Linux and the Dell CERC ATA100/4ch

I have had an old Dell PowerEdge 600SC as a file/backup server that has one of these Dell-branded LSI 'raid' (I use the term loosely) cards running for years. It originally shipped with Red Hat 7 with a driver disk that allowed the use of the CERC card. It wasn't long before they dropped support for this hardware and the only way to utilize it under Linux was to compile it yourself. That being an ever increasingly painful process as Linux progressed and the CERC driver didn't, I pretty much ended up running Red Hat 8 on the machine until I decommissioned it a couple of months ago. It wasn't much of a problem since it was dead stable and I only lost a single hard drive in all the years it ran.

Now, I wanted to rebuild the old box with a shiny new OS and peddle it on eBay. Poking around a little uncovered that some folks have been getting this old raid card with a modern kernel.
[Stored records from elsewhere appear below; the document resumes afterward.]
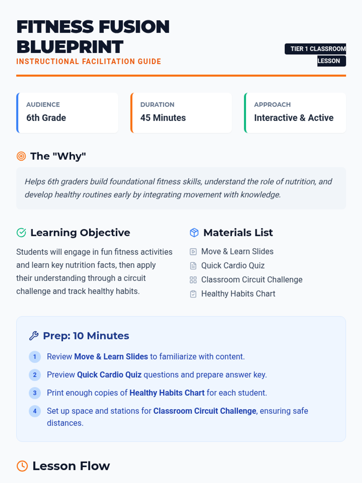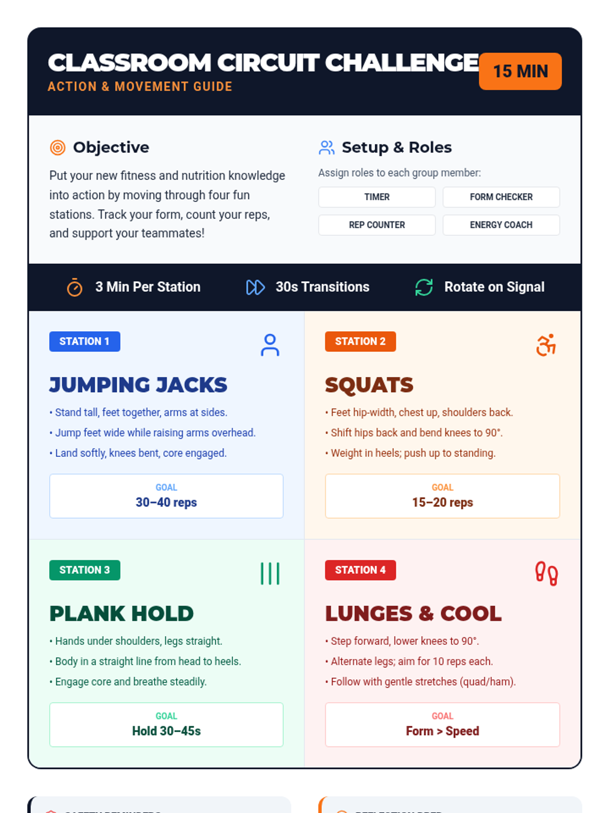 A high-energy, 45-minute introductory session that combines nutritional education with a functional fitness circuit to inspire healthy lifestyle habits in 6th graders.
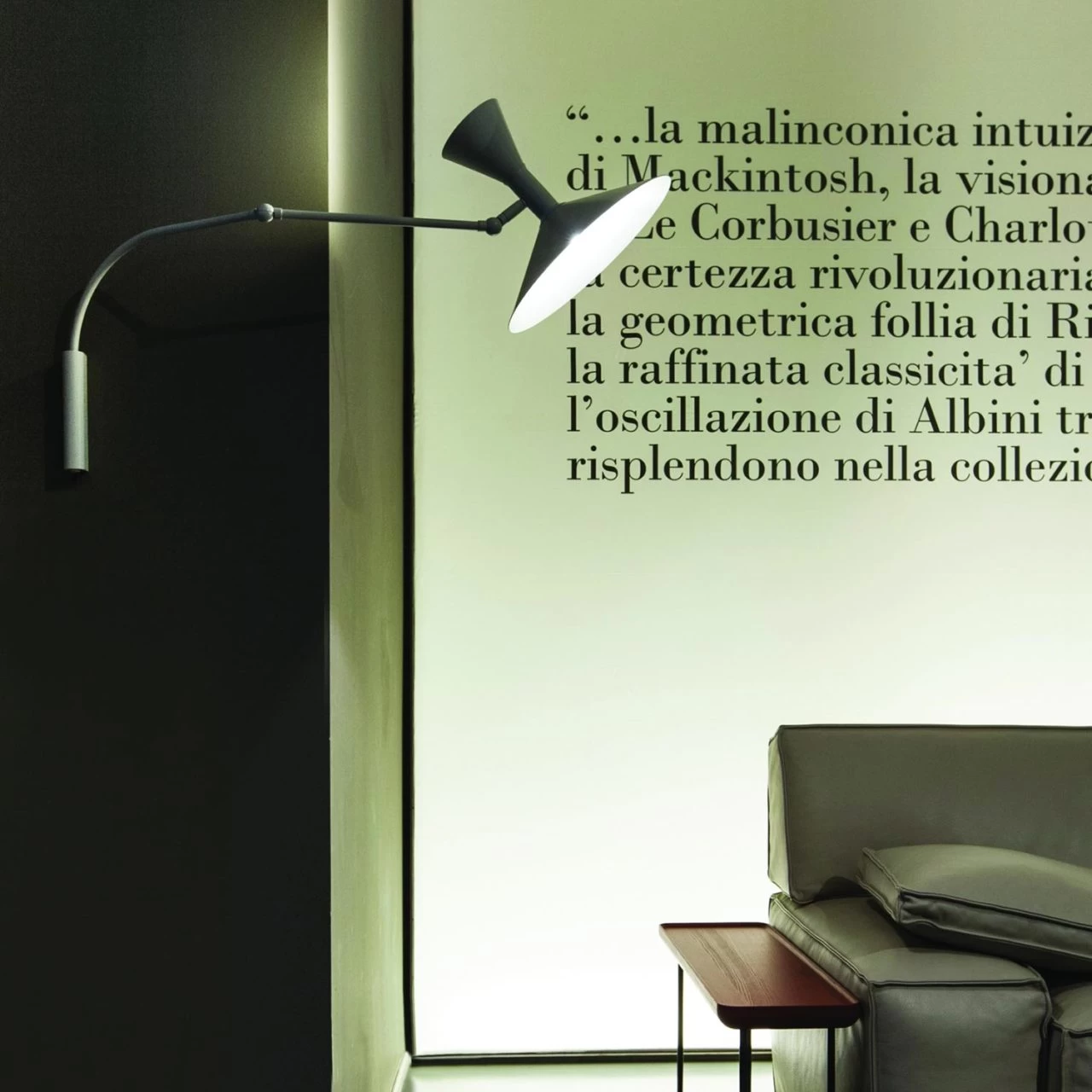 The Mini version of Corbusier’s Lampe de Marseille designed for the Unité d Habitation of Marseille in 1949/1952. An adjustable wall lamp with two joints on the arm and a rotating wall fixing. Available with matt grey, whitewash or black body, with white internal diffusers. Direct and indirect lighting output. Double switch on the cable, for a functional and adjustable light output.
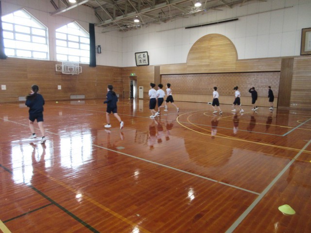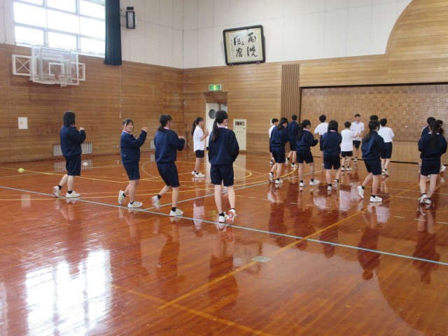 3、4枚目:2組 体育で準備運動をして、シャトルランに挑戦しています。
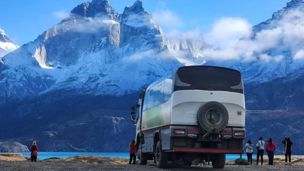 Atravessando a estepe patagônica de norte a sul, chegaremos à fronteira de Cancha Carrera (aproximadamente 3,5 horas). De lá, iniciaremos nossa jornada pela deslumbrante região sul do Chile, entrando finalmente no Parque Nacional Torres del Paine, cujo nome significa “Azuis” na língua tehuelche, em referência à cor predominante do parque.
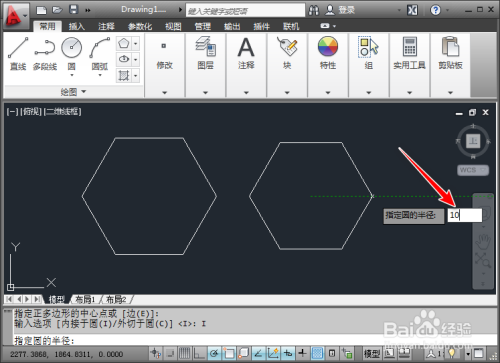3.这时会要求输入多边形的变数,这里输入“6”回车

So, I thought, if they can do it, so can I. I rebuilt the machine with 4 partitions on the system drive (the one attached to the integrated controller). A boot, a swap and two system, a partitions gives the ability to test a second OS without mucking up the one you rely on.
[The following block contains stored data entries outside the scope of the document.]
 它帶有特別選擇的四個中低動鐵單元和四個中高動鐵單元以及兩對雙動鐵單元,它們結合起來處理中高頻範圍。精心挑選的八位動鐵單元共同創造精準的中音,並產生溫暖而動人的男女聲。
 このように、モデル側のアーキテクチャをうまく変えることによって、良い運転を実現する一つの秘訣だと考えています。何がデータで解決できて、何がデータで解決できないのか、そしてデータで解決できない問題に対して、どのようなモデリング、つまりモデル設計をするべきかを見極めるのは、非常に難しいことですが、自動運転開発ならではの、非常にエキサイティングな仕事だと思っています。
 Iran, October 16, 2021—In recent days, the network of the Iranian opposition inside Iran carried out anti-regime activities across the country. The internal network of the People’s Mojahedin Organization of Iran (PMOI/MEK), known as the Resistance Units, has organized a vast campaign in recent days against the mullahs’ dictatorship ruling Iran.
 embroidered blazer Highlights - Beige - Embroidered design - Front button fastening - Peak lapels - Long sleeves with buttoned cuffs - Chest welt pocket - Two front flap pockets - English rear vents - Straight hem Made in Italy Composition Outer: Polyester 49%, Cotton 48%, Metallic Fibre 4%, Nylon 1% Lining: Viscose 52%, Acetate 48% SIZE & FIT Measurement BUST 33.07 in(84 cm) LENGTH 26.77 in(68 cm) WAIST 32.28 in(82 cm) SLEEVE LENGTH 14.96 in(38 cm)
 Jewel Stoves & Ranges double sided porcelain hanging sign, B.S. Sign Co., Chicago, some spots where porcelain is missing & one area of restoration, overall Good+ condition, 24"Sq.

Since the CERC card itself was recognized just fine, I thought it would be no problem to get the virtual drive online. Boy was I wrong. I had previously upgraded the firmware to the latest from Dell, which was published in like 2002, to get support for the 200Gb drives I had attached. No help there.

Then, I came across a single piece of information that I am going to republish here in case someone else is doing what I was trying to do and the original ever disappears. From here:
http://ubuntuforums.org/showthread.php?p=2894899

I downloaded the 'incorrect' firmware directly from LSI:
http://www.lsi.com/files/support/rsa/N661.zip

Installed it to the card, and the OS magically recognized the virtual drive. It was really that easy, though it took a few hours to track down the solution. Fedora 7 and Fedora 8 Test 3 both work splendidly right out of the box with it.

Thanks slicksurf

Wednesday, October 17, 2007

First Ever Blog

This is my first ever entry into the blogspace. I never really imagined myself doing this, but lately I have been searching for very specific bits of information that have been less than easy to obtain. Ultimately, the information is all aggregated from various sources into a hopefully useful package. These sources are generally quite transient, whether they are forum posts, blogs, mail list archives, usenet, etc. I don't typically have a lot to say, but what I intend to post here are things that are useful to me that someone else might be looking for.

My interests vary widely across mechanical and technical genres, but are strongest around racing, race car construction, engineering, computers and Linux. One of my personal projects around the house is a pretty nice MythTV setup.

If you have read this much, you are even more uninteresting than me.